Sekarang saatnya diskusi kelas singkat untuk menguji pemahaman Anda dengan kasus nyata di sekitar Anda sendiri, bukan contoh dari slide. Silakan berpasangan dengan teman di sebelah Anda, dan dalam waktu lima menit, pilih satu usaha mikro, kecil, atau menengah yang Anda kenal — bisa warung makan langganan Anda, toko kelontong dekat kos, atau usaha keluarga Anda sendiri. Jawab tiga pertanyaan ini bersama: pertama, di mana posisi usaha itu pada spektrum kematangan digital yang kita bahas tadi; kedua, dari empat pilar strategi digital, pilar mana yang paling lemah pada usaha tersebut; dan ketiga, satu langkah kecil dan realistis apa yang bisa dicoba usaha itu minggu ini juga, bukan proyek besar bertahun-tahun. Setelah lima menit, saya akan meminta dua sampai tiga pasangan untuk berbagi jawabannya secara singkat di depan kelas. Latihan ini melatih Anda menerapkan kerangka konseptual hari ini pada situasi konkret, bukan sekadar menghafalnya. Rangkuman & Persiapan Minggu Depan Bisnis digital = teknologi sebagai inti nilai, bukan tempelan 4 karakteristik ekonomi digital: skalabilitas, network effect, data, winner-take-most 4 pilar strategi digital: model bisnis, konsumen, operasi, organisasi 3 pendorong transformasi: perilaku konsumen, kompetisi, teknologi Tugas Sebelum P2
1
studi kasus singkat
Baca ringkas transisi model bisnis 1 perusahaan Indonesia (mis. Ramayana, Kompas Gramedia, atau Blue Bird) dari konvensional ke digital. Bawa 3 poin observasi ke pertemuan berikutnya (Model Bisnis & Transisi Layanan Digital).
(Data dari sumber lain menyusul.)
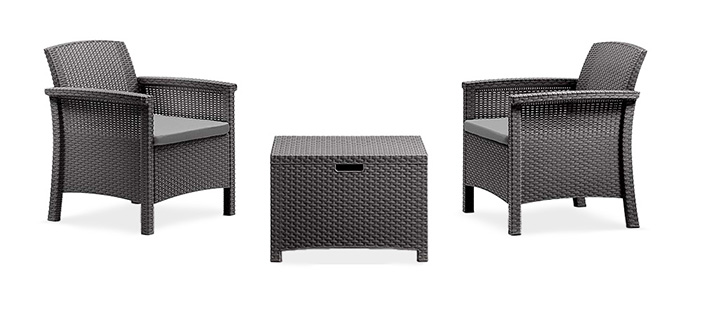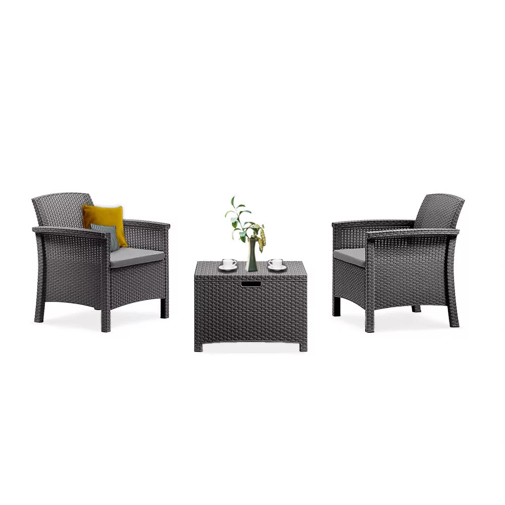 Zestaw mebli ogrodowych z efektem rattanu w kolorze grafitowym składa się z dwóch foteli o wymiarach 63 x 64,5 x 76 cm i prostokątnego stołu o wymiarach 60 x 54,5 x 40,5 cm. Jest to wysokiej jakości produkt wykonany z tworzywa sztucznego odpornego na warunki atmosferyczne, dzięki czemu nie musisz się martwić, że zostanie "zjedzony przez UV".
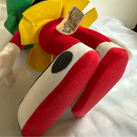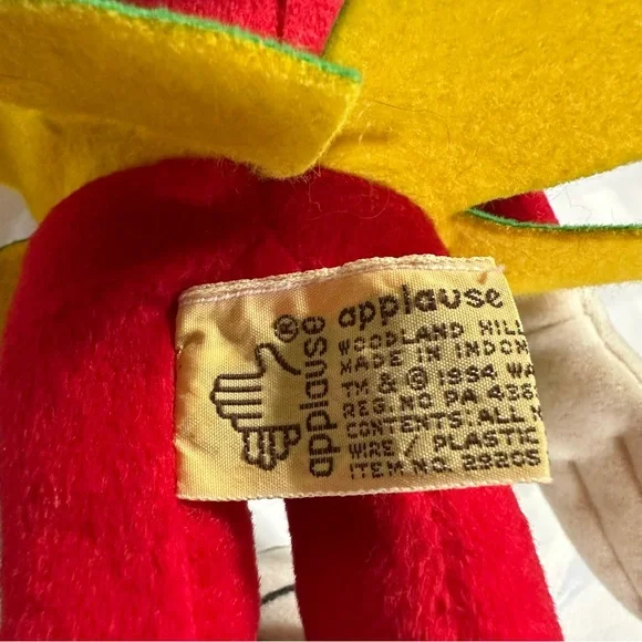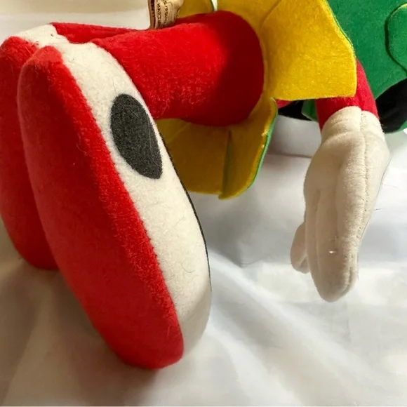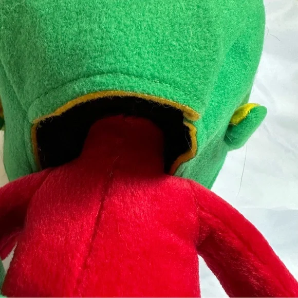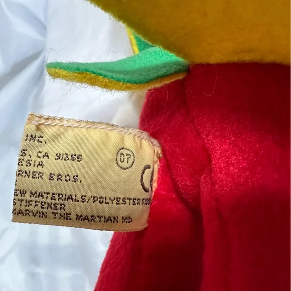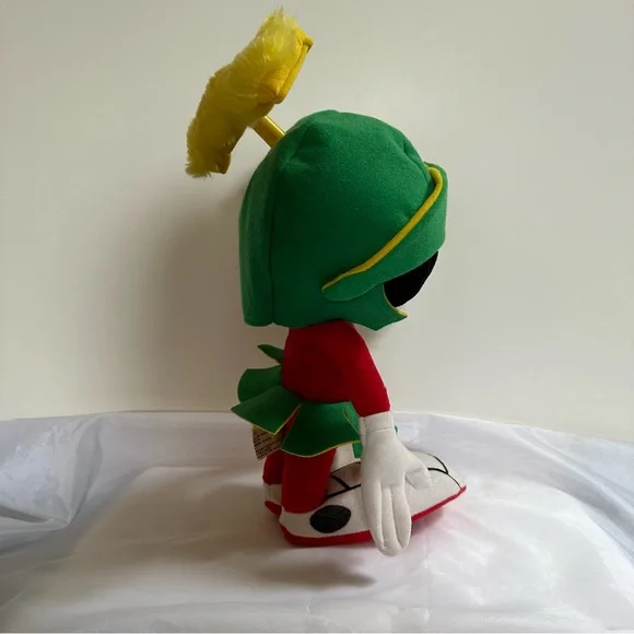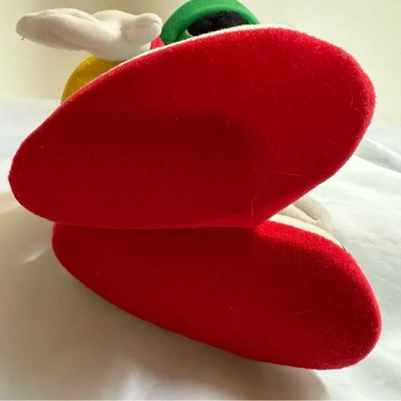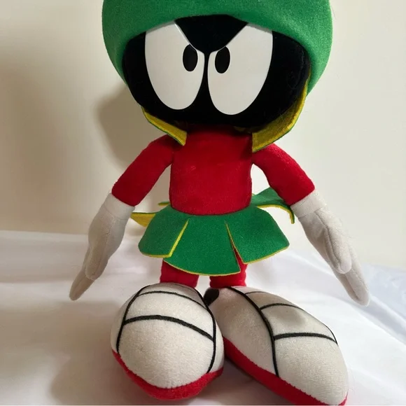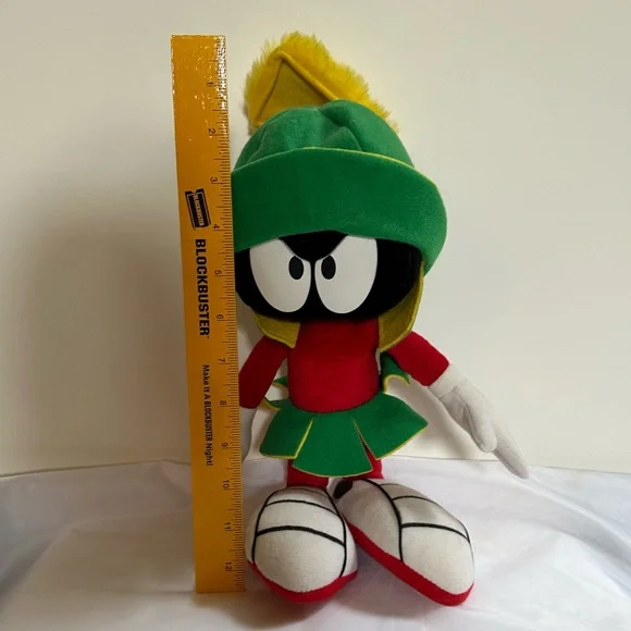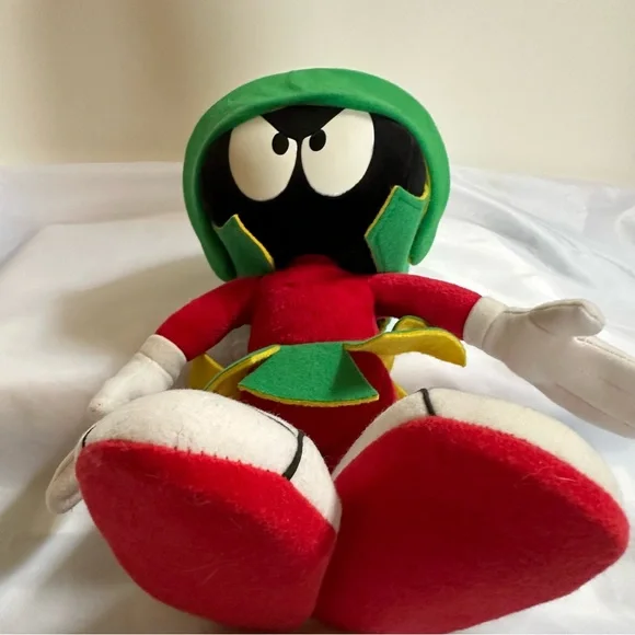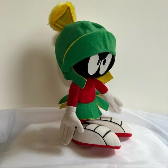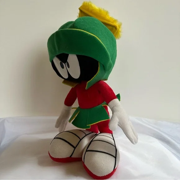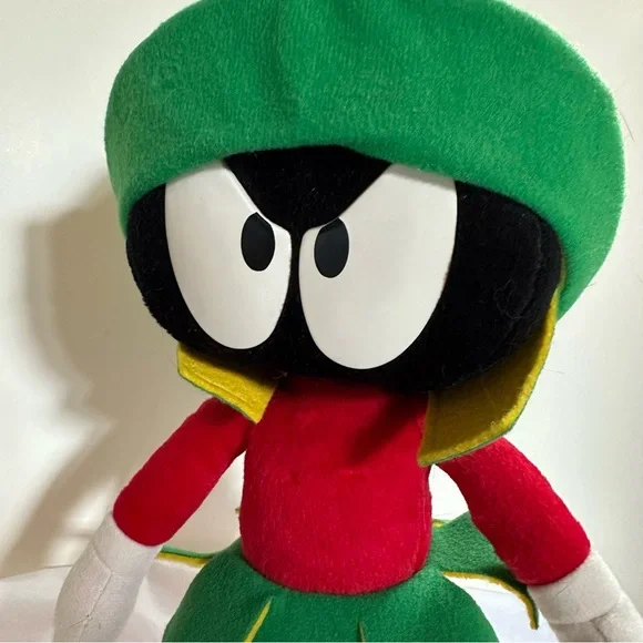 This delightful stuffed toy is about 13" tall.Marvin is in excellent used condition and has never been played with; instead he has stood on a book case frowning upon the whole world for the past 29 years.His colors remain bold and has not faded over time since he has been kept out of the sunlight.He sports a green felt helmet with flaps and a yellow Martian psychonic scrambler that feels soft and plush.His body is made of red felt, with green skirt and yellow ´lining"His large shoes are white with black trim and red soles.His gloved hands are also of a felt material.This toy is not soft and cuddly; instead, it is fairly stiff so that it can remain in a standing position.In Excellent Used Condition1994 - Applause Warner Bros.GiftsFather´s DayMother´s DayPresentsGraduationChristmasKidsActivities

Sebelum kita menutup pertemuan pertama ini, mari rangkum apa yang sudah kita bangun bersama hari ini. Kita mulai dengan mendefinisikan bisnis digital secara ketat, bukan sekadar punya website, melainkan ketika teknologi digital menjadi inti penciptaan nilai perusahaan. Kita lanjutkan dengan empat karakteristik ekonomi digital yang membuat logikanya berbeda dari bisnis konvensional: skalabilitas, efek jaringan, data sebagai aset, dan kecenderungan pasar dikuasai satu-dua pemain besar. Kita juga memperkenalkan empat pilar strategi digital yang akan menjadi kerangka sepanjang semester, serta tiga kekuatan yang mendorong transformasi ini menjadi keharusan, bukan pilihan. Untuk pertemuan kedua nanti, tolong siapkan diri dengan membaca ringkas bagaimana satu perusahaan Indonesia — misalnya Ramayana, Kompas Gramedia, atau Blue Bird — bertransisi dari model bisnis konvensional ke digital, dan bawa tiga poin observasi Anda ke kelas. Kita akan memakainya sebagai bahan diskusi saat membahas model bisnis dan transisi layanan digital. Sampai jumpa di pertemuan berikutnya, dan Terima Kasih atas partisipasi aktif Anda hari ini.